She called her adult children, and daughter Hallie Bateman hopped in the car. “I drove up to be with her, because between my brothers and me, I have no day job, so I was like, I will come see you,” she says. Bateman works as an illustrator—her work has appeared in The New Yorker and she’s illustrated several books—while Hopkins was two days from retiring from her job as a regional magazine publisher in northern California.
The two had always been close, and they’d even collaborated on the popular and critically acclaimed graphic novel about maternal love and anticipatory grief, What to Do When I’m Gone (Bloomsbury, 2018). Now, six years later, they’ve collaborated again, offering a graphic account of what happened to Hopkins in the years after the fateful day of the dumping—tracing her long path through disbelief, shock, and depression and very slowly into understanding and healing. Their new book, What to Do When You Get Dumped, releases next week (also from Bloomsbury), and the mother/daughter duo, both of whom now live in Cincinnati, will launch the book with an event Tuesday at Joseph-Beth Booksellers.
For such a heavy and honest book, What to Do When You Get Dumped is also funny. It’s written as a guide for others experiencing traumatic break-ups with lots of specifics from Hopkins’s own experiences—right down to the countdown of days toward healing that appear in the corners of each page. (Spoiler alert: It’s a lot of days.) From a harrowing rollercoaster called “Cupid’s Revenge” that traces her whiplash in various gut-wrenching moments after her divorce (including her sister saying of the new girlfriend, whom Hopkins refers to as Y in the memoir, She looks like you) to a bullet train called “Heartbreak Express” that zooms across the page, the memoir strikes a very real but also extremely supportive note.
Next to Bateman’s drawing of the moving train, which is packed with wailing passengers, including one woman clutching a teddy bear, Hopkins writes, “Keep in mind that although you feel like its only passenger, the pain train is actually packed. People the world over get dumped, multitudes everyday.”
The written excerpts are short and, in combination with Bateman’s visuals, inspire lingering, remembering, sharing, and catharsis. After the breakup, Hopkins recalls that she wanted resources to help, something that would be real about the pain but also communicate, You will be OK. The closest thing that she found were books about grief. “This book is the note to myself that I needed,” she says now. “If it just helps one person feel less alone, I would be satisfied.”
One of the things that Hopkins, a lifelong journalist, did after she being dumped was to ask friends if they knew anyone who had experienced a horrible break-up. She ended up interviewing six strangers, with each interview lasting around two hours; each person cried during their interview. “I realized that these things just take a long time to get over,” she says, “and that’s when I said, Oh, I’m not the slowest person in the world to recover. This just takes much longer than people think it does. That was my insight.”
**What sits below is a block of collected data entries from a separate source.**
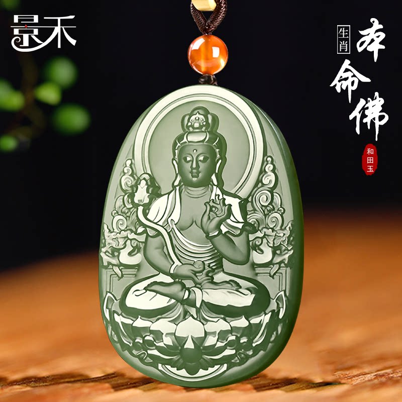 和田玉青玉本命佛十二生肖吊坠虚空藏普贤文殊观音菩萨项链男女款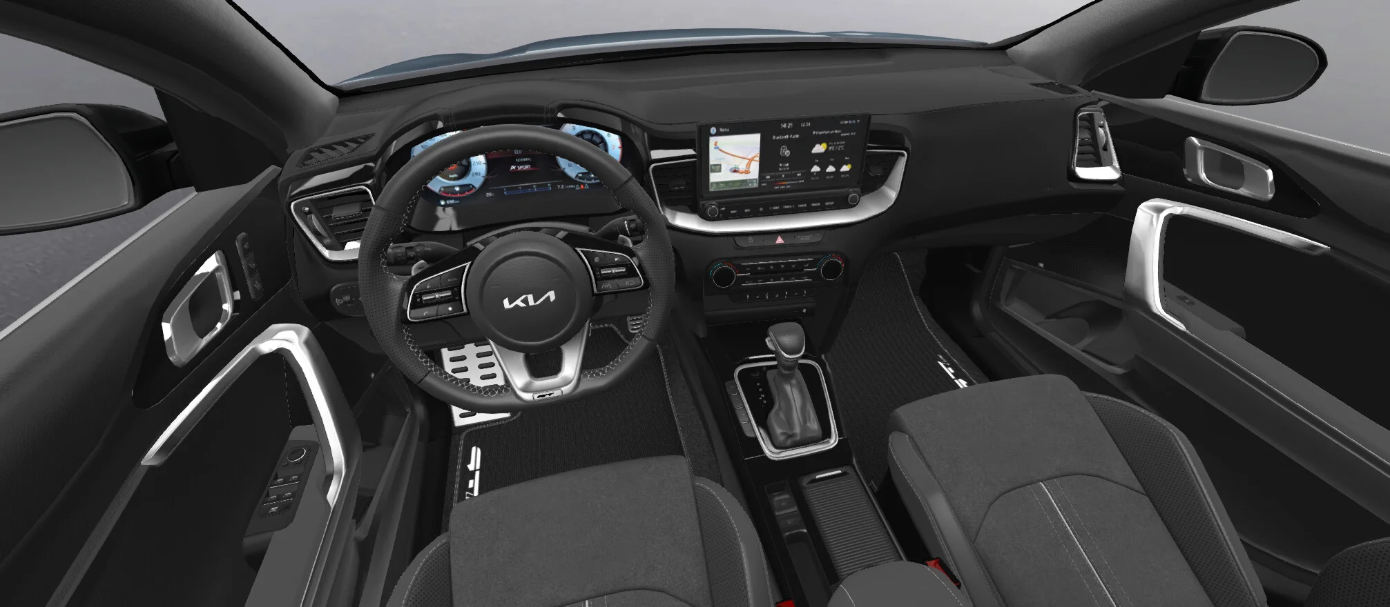 Wnętrze Kia Proceed jest eleganckie i przestronne. Kierowca i pasażerowie mają do dyspozycji komfortowe fotele pokryte wysokiej jakości materiałami. Deska rozdzielcza została zaprojektowana w sposób ergonomiczny, umożliwiając łatwy dostęp do wszystkich potrzebnych funkcji i systemów. Wyposażenie obejmuje także zaawansowany system multimedialny z dotykowym ekranem, obsługujący funkcje takie jak nawigacja, system audio i integrację smartfonów.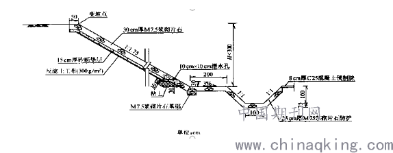 (5)浆砌片石下铺设15cm厚砂砾垫层,在垫层下铺一层反滤土工布;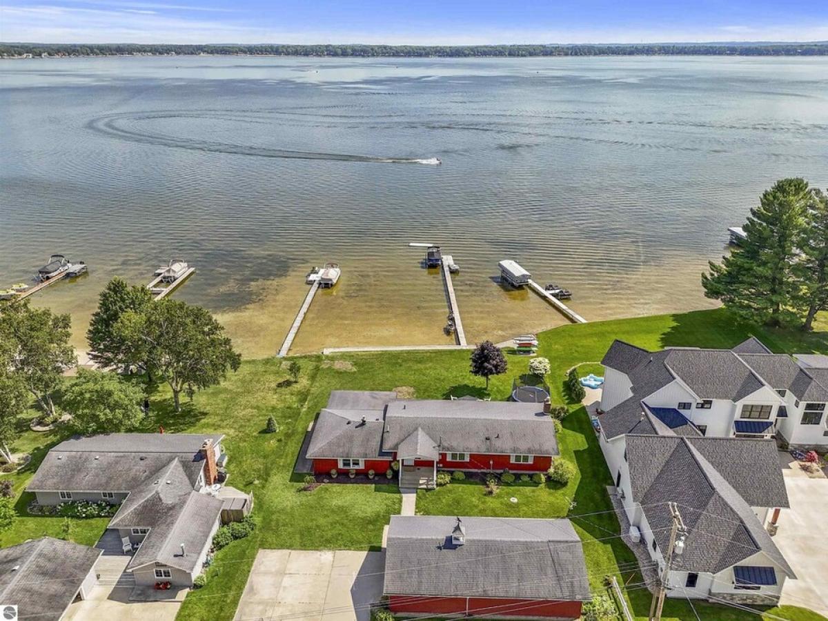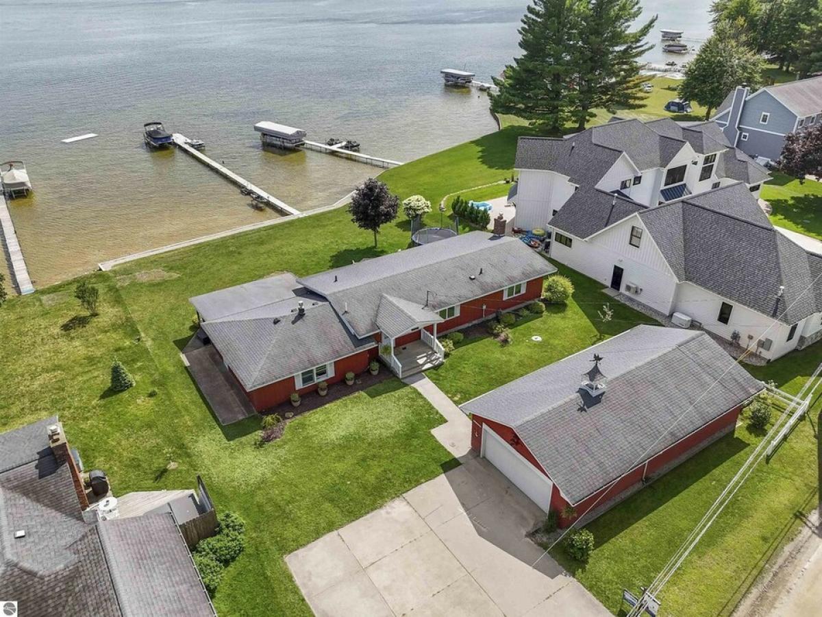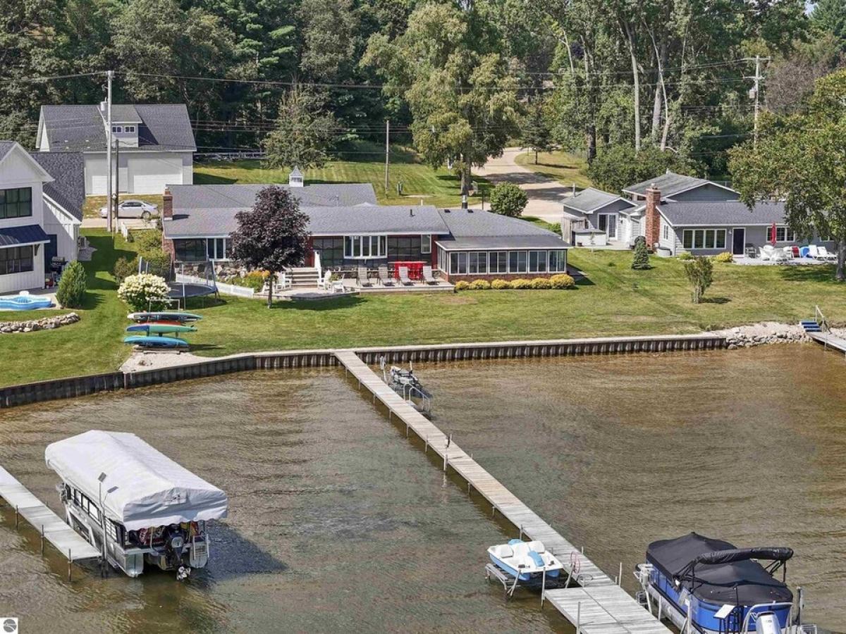 Nestled along the pristine sandy bottom shores of Lake Missaukee in Lake City, this enchanting home offers one of the rarest commodities left on Earth: PRIVATE and LEVEL walkout lake frontage. You will immediately feel transported to a simpler, more carefree time. This property is not just a house; it’s an invitation to create cherished memories. As you approach this charming 3-bedroom, 2-bathroom, 2-car Garage home with electric car compatibility, you will be greeted by a beautiful, low-maintenance yard. As you enter the property, you will immediately feel a true sense of tranquility and seclusion. The exterior features warm wood tones and a giant plush grass yard big enough for all summer outdoor activities. The waterside multi-level deck lets you relax and embrace the stunning surroundings while overlooking the lake. Step inside, and you are welcomed by a bright, airy, open living space that seamlessly combines comfort and elegance. The large windows flood the room with natural light, providing panoramic views of the sparkling lake—the perfect backdrop for cozy evenings spent with family and friends. The inviting living room features a brick fireplace, an ideal spot to gather after a day of outdoor adventures. The kitchen has ample counter space and is ideal for everyday meals and entertaining guests. The primary suite boasts an en-suite bathroom for added privacy. This waterfront home lends itself perfectly to swimming, boating, paddle boarding, and fishing. Ready for a day on the water? Walk directly to the dock and enjoy easy lake access. Let your imagination take over as you decide how to enjoy the 3-season sunroom. The current owners love diving into a good book on rainy days. Downtown Lake City is also just minutes away, so you can easily enjoy a night out. This lakefront home provides an idyllic setting for relaxation and outdoor adventure, whether as a year-round residence or a seasonal getaway. Recent Updates: Steel Sea Wall, Flooring & Paint
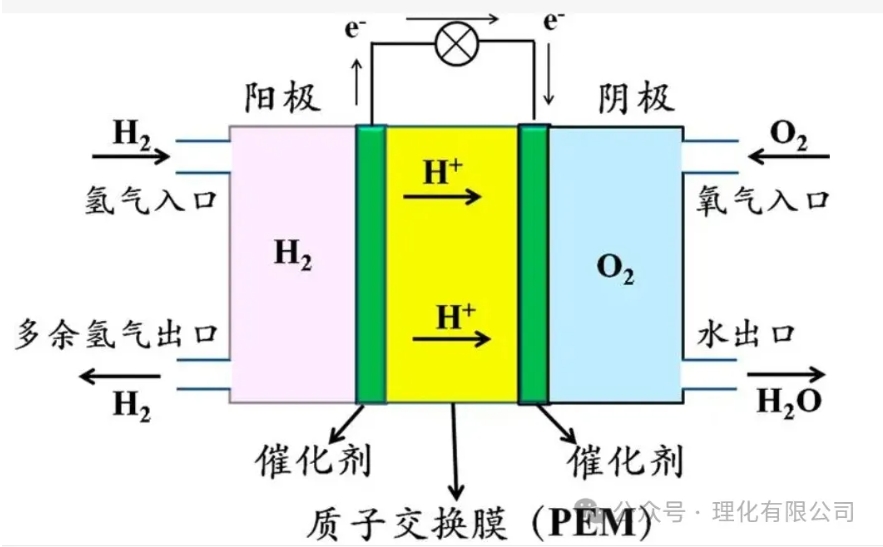 燃料電池是氫氣與氧氣發(fā)生電化學(xué)反應(yīng)來實現(xiàn)發(fā)電的,氫氣作為“陽極”,氧氣作為“陰極”。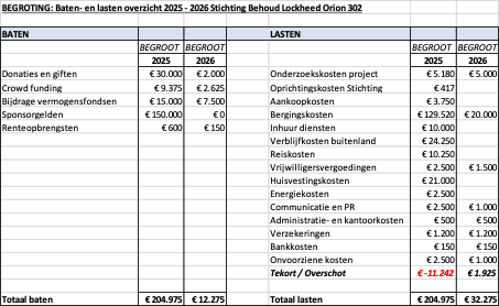 [1] Een meer gedetailleerd financieel overzicht is op te vragen bij de secretaris van de stichting (secretaris@orion302.nl)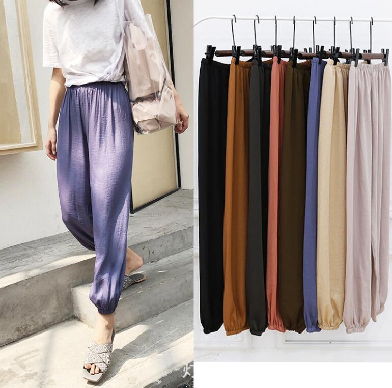M~4XL 薄手 9分丈パンツ 体型カバー 春夏 ウェストゴムレディースファッション ボトムス パンツ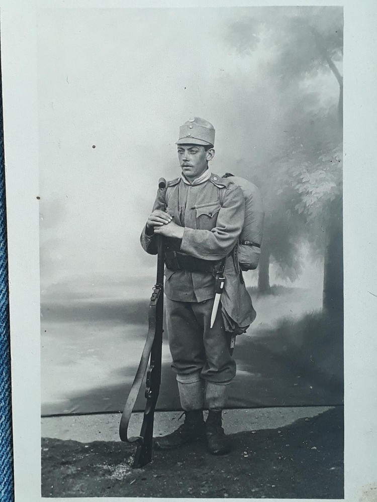 663 - Fotografie soldat in uniforma cu pusca si baioneta ersatz , echipament WW1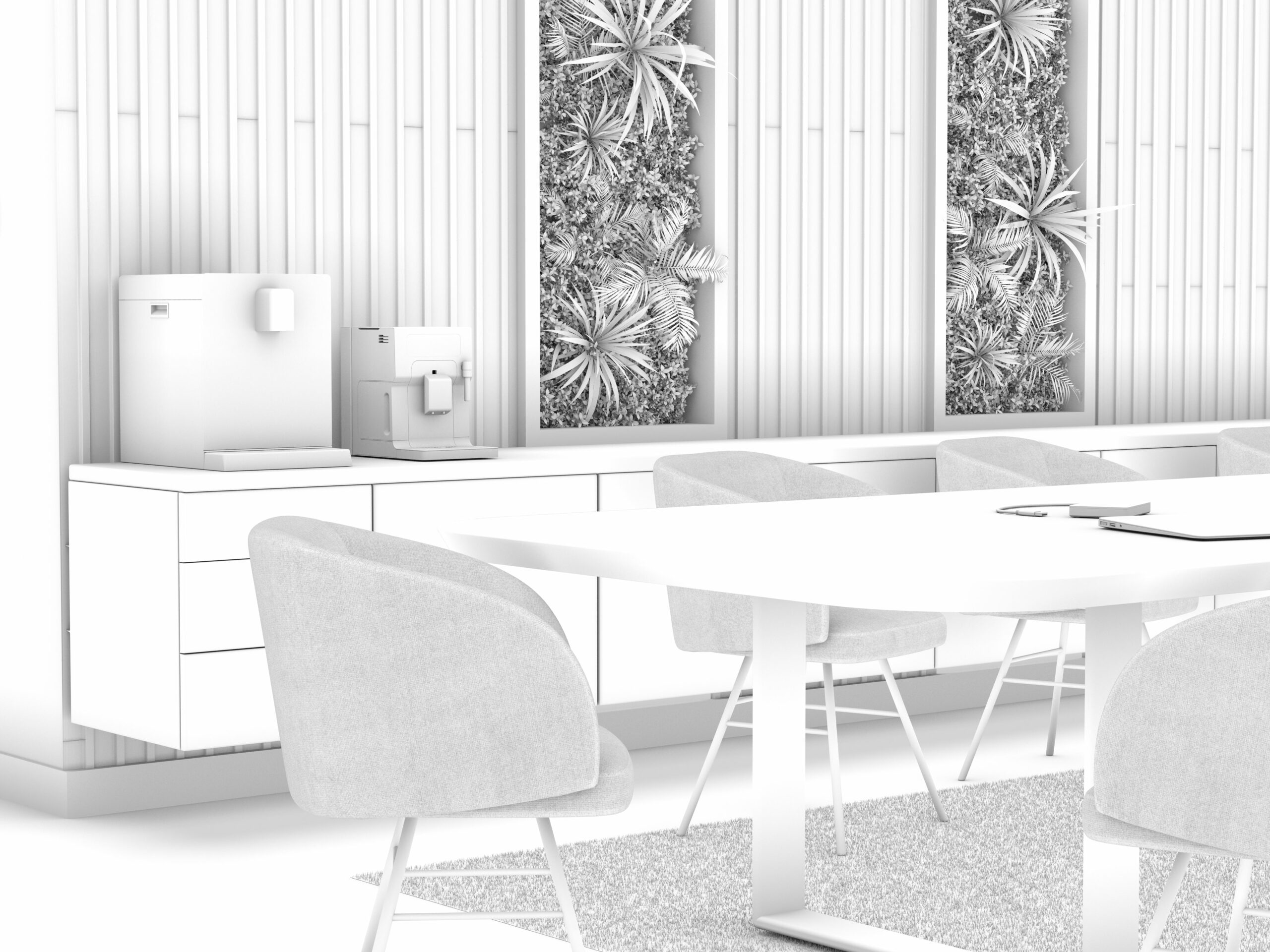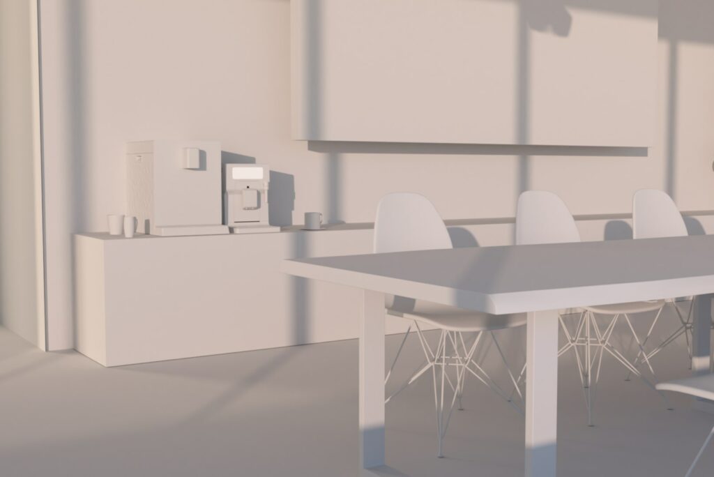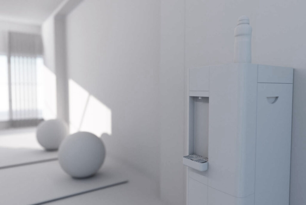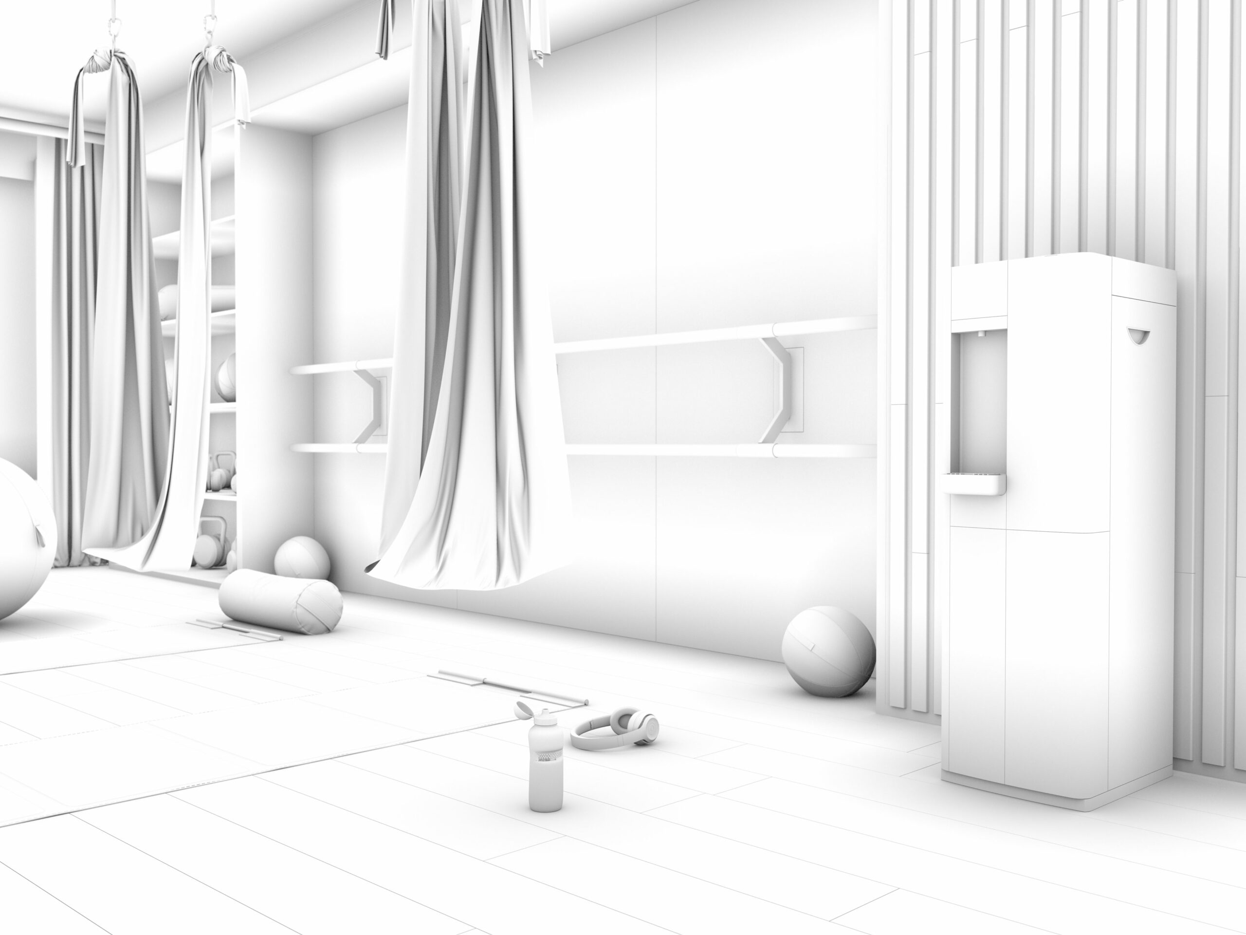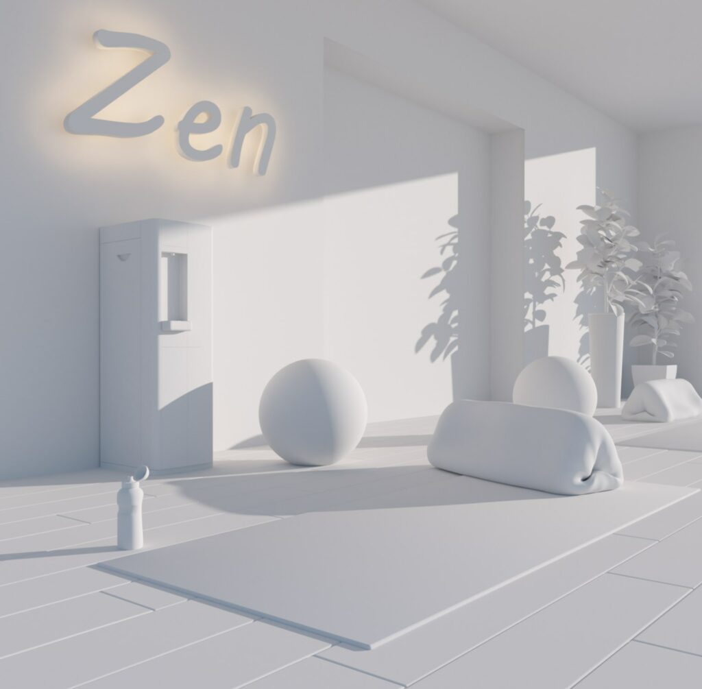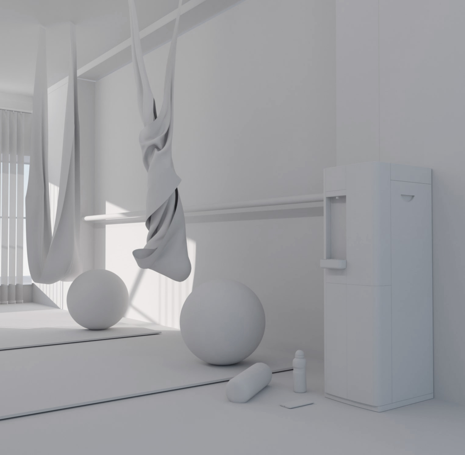 L’ensemble des visuels a été réalisé sous Cinema 4D avec Octane Render. La lumière et les ambiances constituent les points forts de cette série : chaleureuse et envelopante pour la salle de yoga, froide et contrastée chez le barbier, sobre et maîtrisée en salle de réunion, accueillante et neutre dans la salle d’attente. Chaque choix d’éclairage a été pensé pour renforcer la narration propre à chaque lieu tout en valorisant le produit.

Hopkins’s informants about heartbreak appear in the book on a single page, along with the recommendation for readers to “find fellowship” and to ask other people “how they survived.” In this book, she is herself that stranger for the reader—someone who generously relates the honest experience of what happened and offers heartbreakingly personal tidbits, such as the first time she saw her ex after the breakup and he said to her, voice emotional, God, I miss the dogs, completely insensitive to the utter devastation he’d caused her.
For Bateman, working on this story of her parents’ divorce was incredibly difficult but also healing. “The experience for me was just the honor of being a part of this important synthesis of all of this grief and information,” she says. “It was incredibly healing for me as well.”
Beyond the book itself, one thing Bateman takes away is an appreciation for what happens when life goes horribly sideways. “I have an example of how you can get through something that is very shitty and takes you by surprise and not bury it or weaponize it,” she says.
In the book’s acknowledgement section, Bateman wrote directly to her mom, “You are the classy, brilliant Suzy Hopkins. So of course you took your pain, felt it deeply, healed it slowly, and wove your story into something poignant and funny and deeply generous.” And it seems like Bateman is well on her way of following in her mother’s footsteps.
When she found out she was having twins, an occasion that precipitated the family’s move from California to Ohio, her first move sounded familiar: She called five mothers of twins and asked them to share their stories.
Hallie Bateman and Suzy Hopkins launch their book at Joseph-Beth Booksellers at 7 p.m. January 21. They will be in conversation with poet Jacqueline Suskin.